Published in Company Updates
Believer Meats Closes After Running Out of Money
An Israeli-founded lab-grown meat startup has shut down after funding problems and rising costs made it impossible to continue.

Martina Osmak
Director of Marketing
Food Tech Startup Comes to an End
Believer Meats, a startup that made meat from animal cells, has stopped all its operations. The company said it could no longer continue because it ran out of money.
The announcement came from Anne Schubert, the company’s global HR leader, in a post on LinkedIn. She said the decision was very difficult and praised the team for what they built over the past two years.
Believer Meats did not give more details and did not reply to media questions.
What Was Believer Meats?
Believer Meats was a biotechnology company founded in Israel. It was previously known as Future Meat Technologies. The company worked in both Israel and the United States.
The company produced:
Cultivated chicken
Cultivated lamb
Cultivated beef
These products were grown from animal cells in special tanks called bioreactors.
How Lab-Grown Meat Works (In Simple Terms)
Believer Meats used a scientific process that:
Takes a small number of animal cells
Grows them in a controlled environment
Mixes them with plant-based ingredients
According to the company, the final product:
Looks and tastes like regular meat
Has no antibiotics
Has no artificial colors or preservatives
Is not genetically modified
Big Factory, Big Costs
Earlier this year, Believer Meats finished building a very large production plant in North Carolina, USA. The company said it was the world’s first large-scale facility for cultivated meat.
The factory was designed to produce:
About 12,000 metric tons of cultivated chicken per year
This factory was a major step toward selling lab-grown meat to the public. In fact, Believer Meats became the first non-US company to get approval from the US Food and Drug Administration to sell cultivated chicken in the United States.
But building and running such a factory is extremely expensive.
Legal Trouble and Financial Pressure
The company’s financial problems became worse when it faced a lawsuit in the US. A construction partner claimed Believer Meats owed about $34 million in unpaid bills related to the North Carolina facility.
At the same time:
Operating costs stayed very high
New investment became harder to secure
Food tech expert Tammy Meiron explained that creating a whole new industry takes time and a lot of money. She said the market may simply not be ready yet.
Investor Mood Has Changed
Believer Meats raised a total of $390 million from investors. In 2021, it made headlines by raising $347 million in a single funding round, the largest ever in the cultivated meat industry at the time.
Major investors included:
ADM Ventures
Tyson Foods
S2G Ventures
BitsXBites
However, the situation for startups has changed since then.
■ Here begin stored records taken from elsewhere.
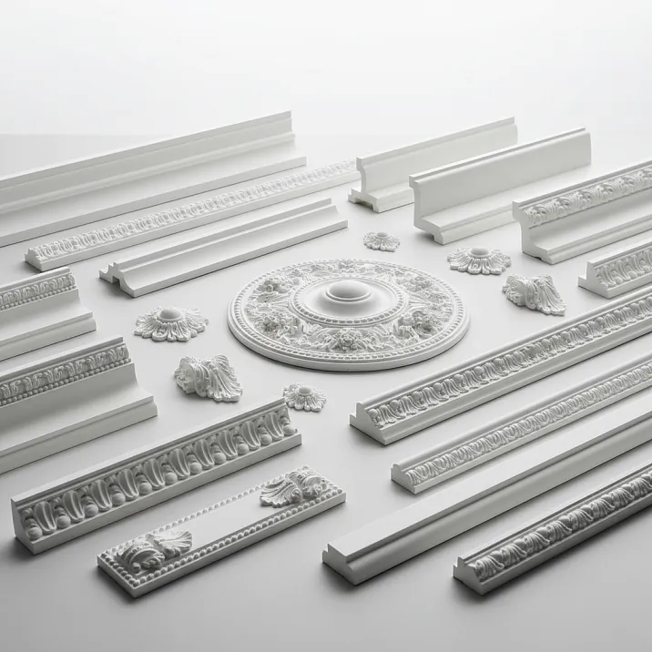 Гипс — премиум-сегмент. Гипсовые карнизы стоят от восьмисот до трёх тысяч рублей за метр. Розетки — от двух до двадцати тысяч рублей. Гипс экологичен, «дышит», передаёт мельчайшие детали резьбы. Но тяжёл, хрупок, боится влаги, требует профессионального монтажа.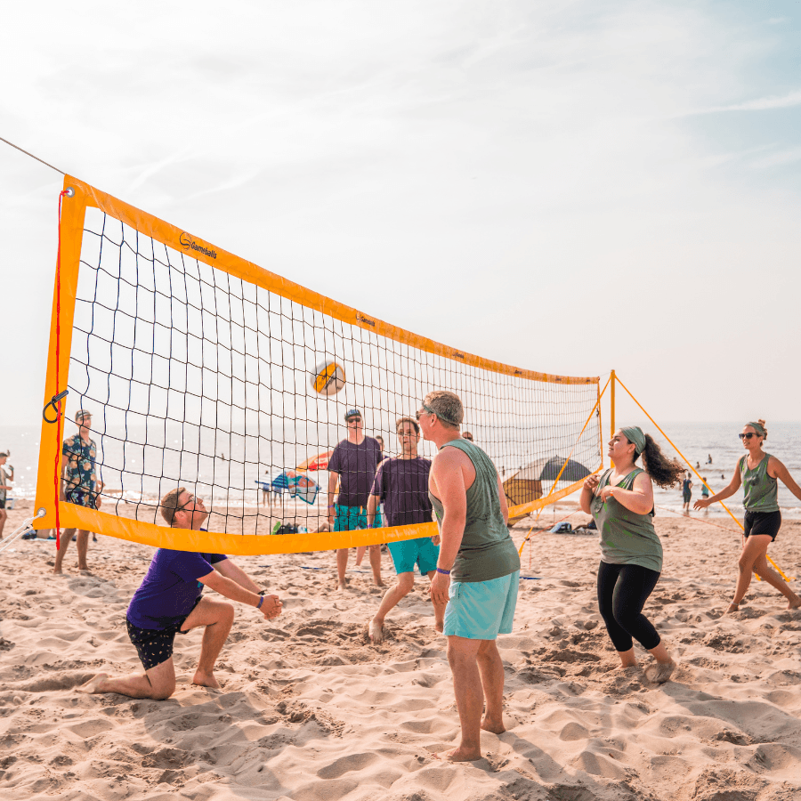 Geniet van de zon en het zand onder je blote voeten terwijl je gezellig een potje volleybal speelt met collega's. Woon een volledig georganiseerd tornooi bij in Scheveningen.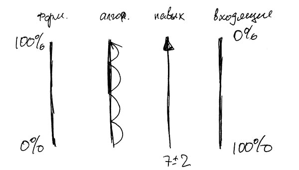 Но вернемся к нашей схеме. Чем выше вы поднимаете ползунки вверх и чем большее количество ползунков вверху, тем больше вы можете успеть перелопатить дел. Чем ниже расположены ползунки и чем большее их количество занимает нижнее положение, тем меньше шансов хоть что-то полезное выполнить за целый день работы. Получается, что от формализации задачи зависит многое, но не все. Второй ползунок – эффективность алгоритмов.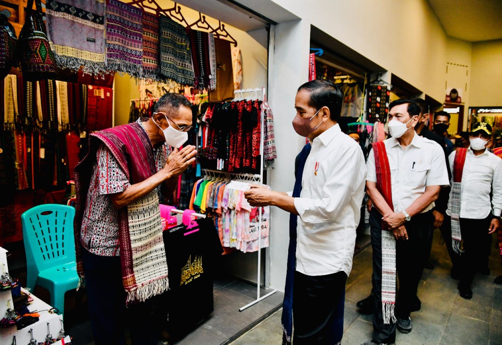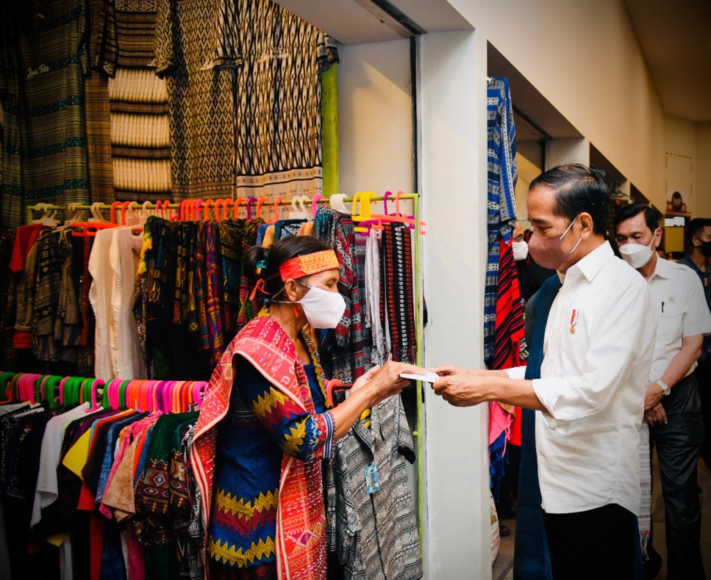 Dalam kesempatan tersebut, Presiden Jokowi turut menyerahkan bantuan langsung tunai kepada para pedagang kaki lima dan warung, pemberian cendera mata dan suvenir pada warga kawasan Huta Siallagan.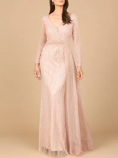 29146 Beaded Long Sleeve Formal Overskirt Dress In Blue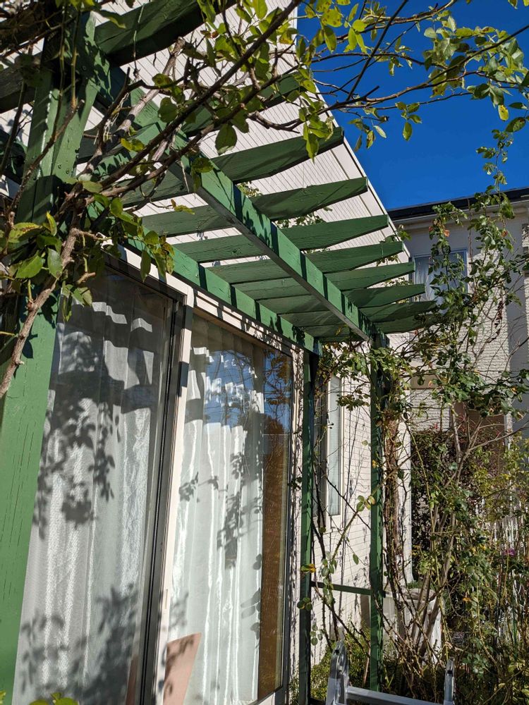 暖かいうちに自作パーゴラのペンキ塗り直しを済ませました。このところ暖かい日が多いのですが、12月はグンと気温が下がるみたいです。

According to industry experts:
Investment in food tech has dropped sharply since 2021
Interest rates are higher
Investors are now more careful and less optimistic
This made it much harder for Believer Meats to keep funding its expensive operations.
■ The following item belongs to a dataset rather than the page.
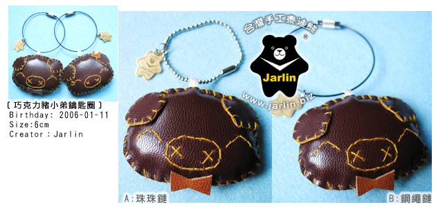 巧克力色的小牛皮做出的可愛小豬頭鑰匙圈,雖然散發的不是巧克力味道,而是淡淡的牛皮氣味。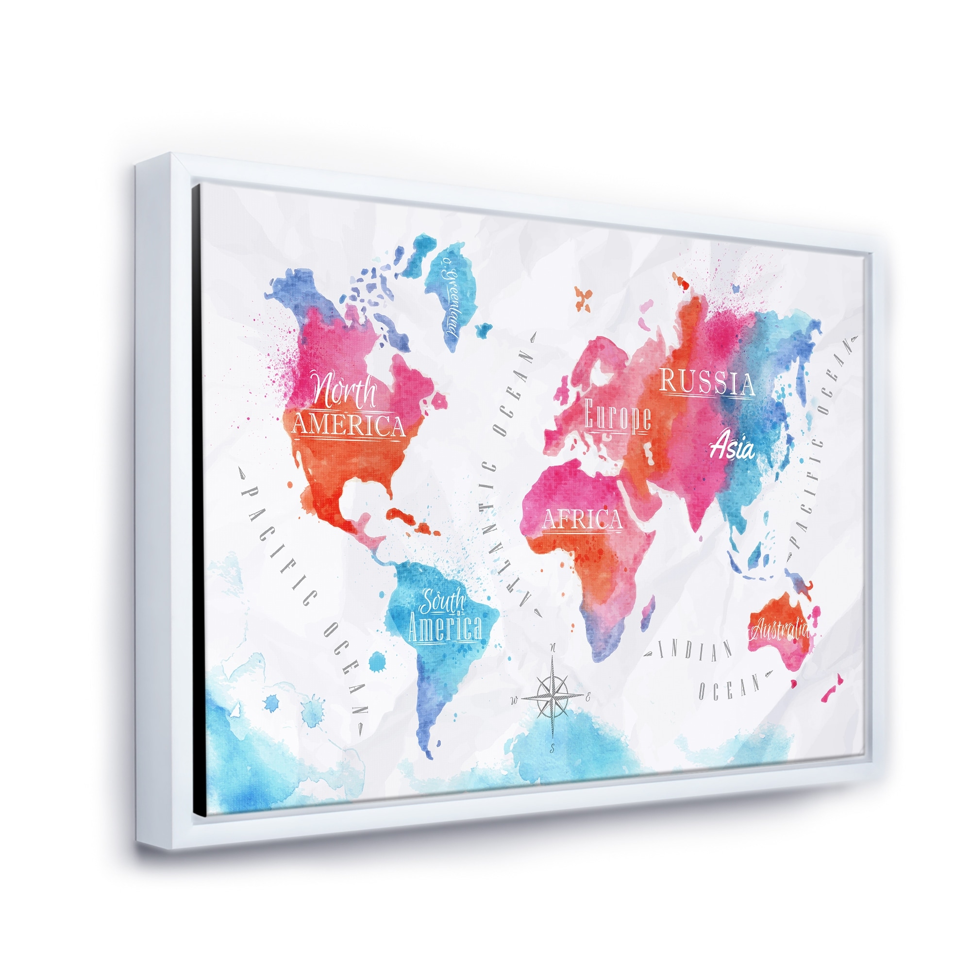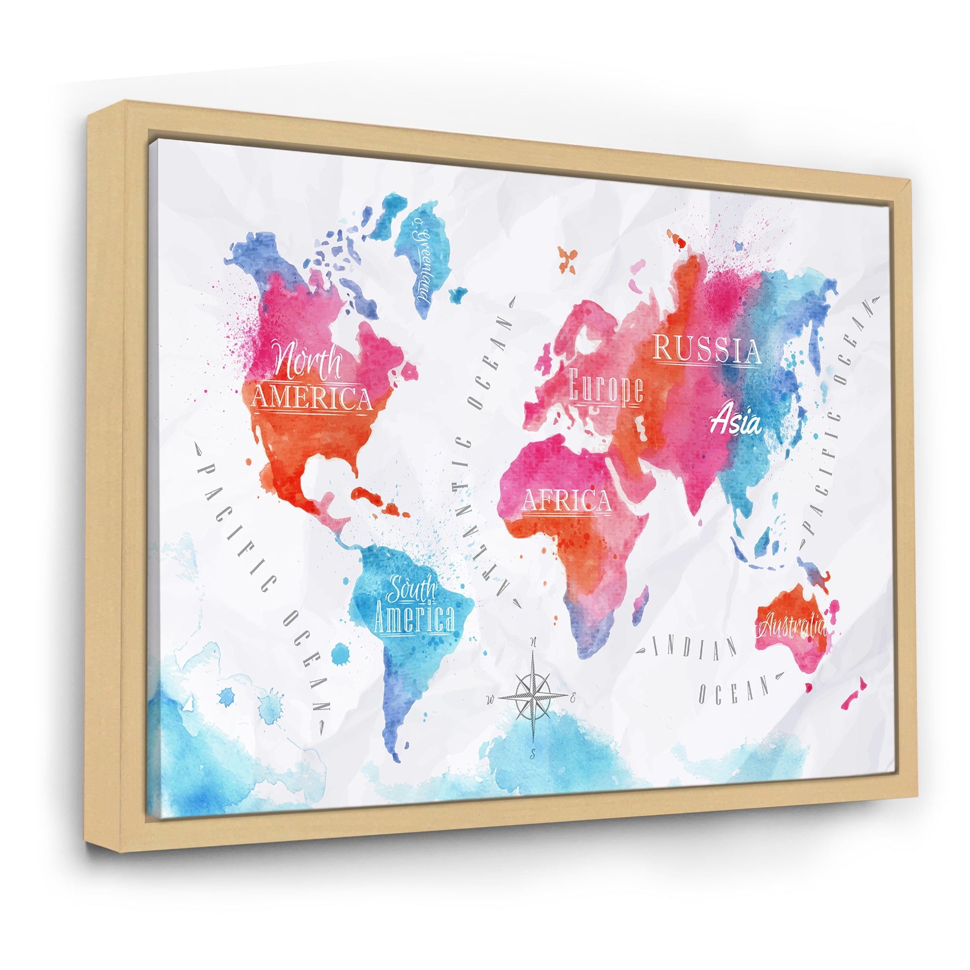 Designart "World Map in Pink and Blue" Modern Framed Canvas Wall Art Print

What This Means for the Cultivated Meat Industry
Believer Meats was seen as a leader in lab-grown meat, especially because it reached the mass-production stage. Its shutdown is a setback for the industry.
Still, experts say this does not mean cultivated meat is finished.
“The need is still there,” said Meiron. “The timing just isn’t right.”
Many believe the technology will return stronger in the future, once costs are lower and supporting technologies improve.
Final Thoughts
Believer Meats started as a groundbreaking Israeli innovation with global ambition. It reached major scientific and regulatory milestones but could not survive the financial reality of scaling up too fast in a difficult market.
While this chapter has closed, the idea behind lab-grown meat is still alive — waiting for the right moment to succeed.